Дяде Анисиму было лет двадцать, когда умер его отец Лука Лунь. Знаменитыми деяниями Луки считалось водружение колоколов на церквах. Мало поднять колокол в небесную высь с помощью веревочной механики - надо установить так, чтобы звон был чистым, малиновым, тревожащим, умиляющим. В знак почтения к отцу Анисим вырубил в скалах глыбу дикого золотистого доломита и вытесал надгробие в виде мощного колокола.
Лука надорвался. Не колоколом - быка завалившегося в сарае поднимал, поднял, а сам упал бездыханным. На другой день его похоронили, спешили под зиму сеять хлеб. Памятник Анисим ставил весной. Разобрало любопытство: каково теперь тело отца? Час был ранний, людей не видать, густые кусты сирени. Парень отрыл неглубокую - сеять спешили - могилу, поднял крышку и отпрянул: тело в гробу перевернулось, лежало лицом вниз, черный волос покойника бел, под ногтями щепочки, царапался...
А памятник колокол получился отменный. Могилы обычно отмечались крестом, деревянным или каменным, по достатку покойника, или плитой с именем раба божьего и датами рождения и преставления. Анисиму стали заказывать оформление могил. Но работа стоила дорого, и заказчиками были больше курсовые господа, тщеславие которых Анисим тешил вырубленными в камне орлами, киверами, клинками, медицинскими змеями и надписями из Библии о суете и прахе земной жизни.
В молодости он лепил на потеху ребятишкам глиняных чертиков, крылатых коней, птиц-свистулек, азиатских боженят.
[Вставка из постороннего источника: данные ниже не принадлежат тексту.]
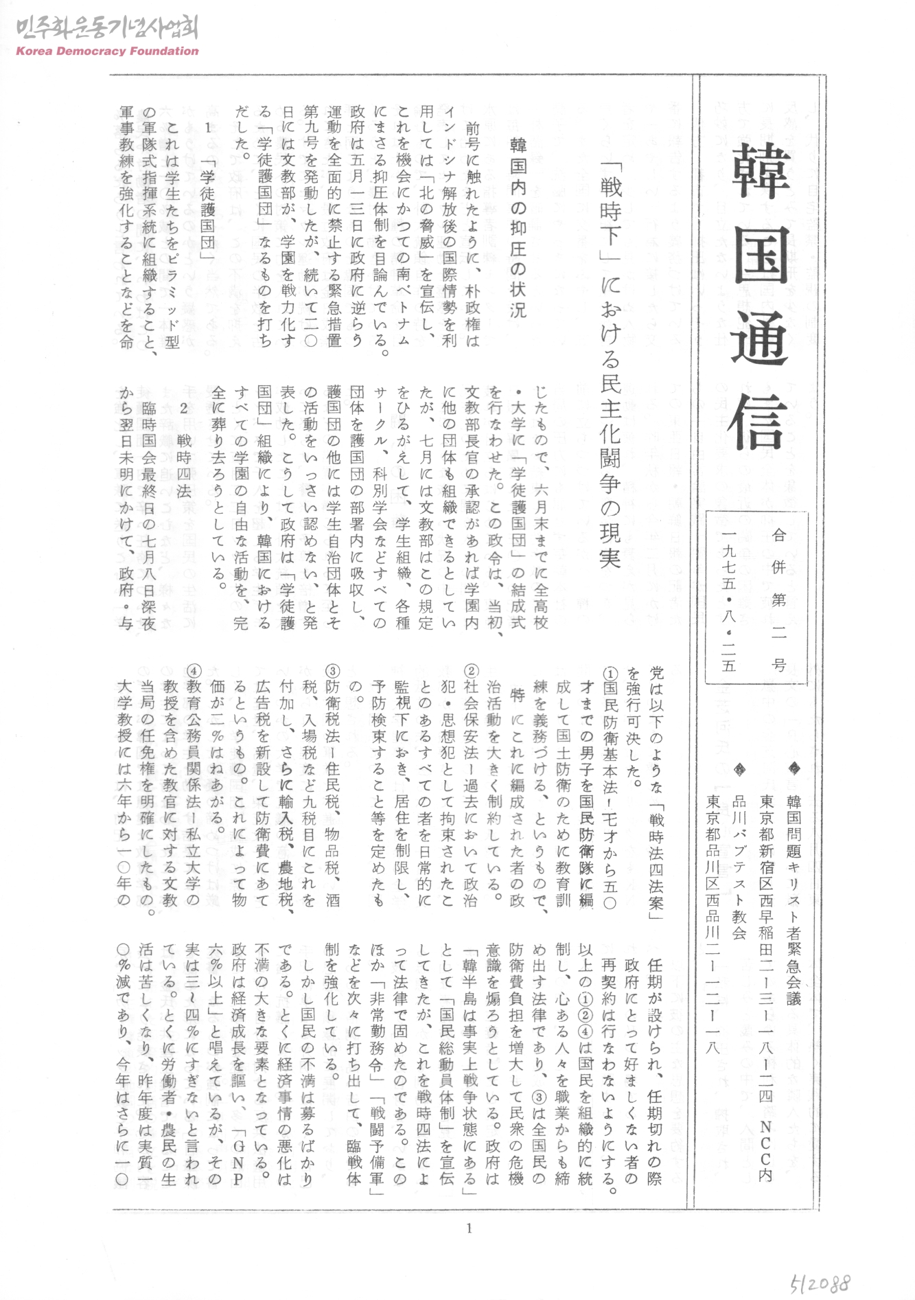 - 韓國問題キリスト者緊急會議

Увлекался булыжной кладкой, мостил улицы на курсу, выводил орнаменты цветной брусчаткой, принесенной водами бешеных эльбрусских рек. Строил стены и ни на миг не останавливался в работе: когда брал камень в руки, глаз уже видел, как единственно верно положить его в ряд.
Удивительно владел он киюрой. Толпы зевак собирались смотреть, как он тешет камень - будто строгает мягкую липу или снимает ножом витки с застывшего коровьего масла. Многие загорались подражать станичному Фидию, но не у всех получалось: даже податливые туф и ракушечник оказывали железное сопротивление инструменту.
Памятником его жизни остались: могучий, соперничающий с окрестными утесами "Замок" в ущелье, при потоке; построенный на века театр; знаменитая на весь мир грязелечебница с фигурами античных богов и героев; множество надгробий, гротов, искусственных скал в парках; белоснежные колонные бюветы минеральных источников; памятник на месте трагической гибели Лермонтова - великолепный обелиск в лесу, с бронзовым горельефом поэта, четыре грифа по углам, скованные цепью-тайной; гранитный памятник первым коммунистам станицы.
...На следующей остановке приказали выходить совсем и строиться по десяткам. Отсюда пешим порядком в тайгу, строить металлургический завод.
Двое суток шли по снежным лесам. Кормить стали хорошо. Выдали валенки и рукавицы. На второй ночевке Спиридон подозвал Марию:
- Кума, поди сюда...
В ночь завыла пурга. Караульные в оленьих дохах залезли в палатки. Собаки зарылись в снег. Ссыльные жались у костров.
Пурга остановилась на следующий день. Обнаружился побег группы ссыльных. В тот же день партию догнала бумага - стараниями Михея Васильевича многим ссылку отменили - Оладику, Сереге Скрыпнику, Марии, Спиридону... Но Оладик уже был в царстве небесном, ибо по Евангелию это царство приобретают нищие. А Спиридон и Мария бежали.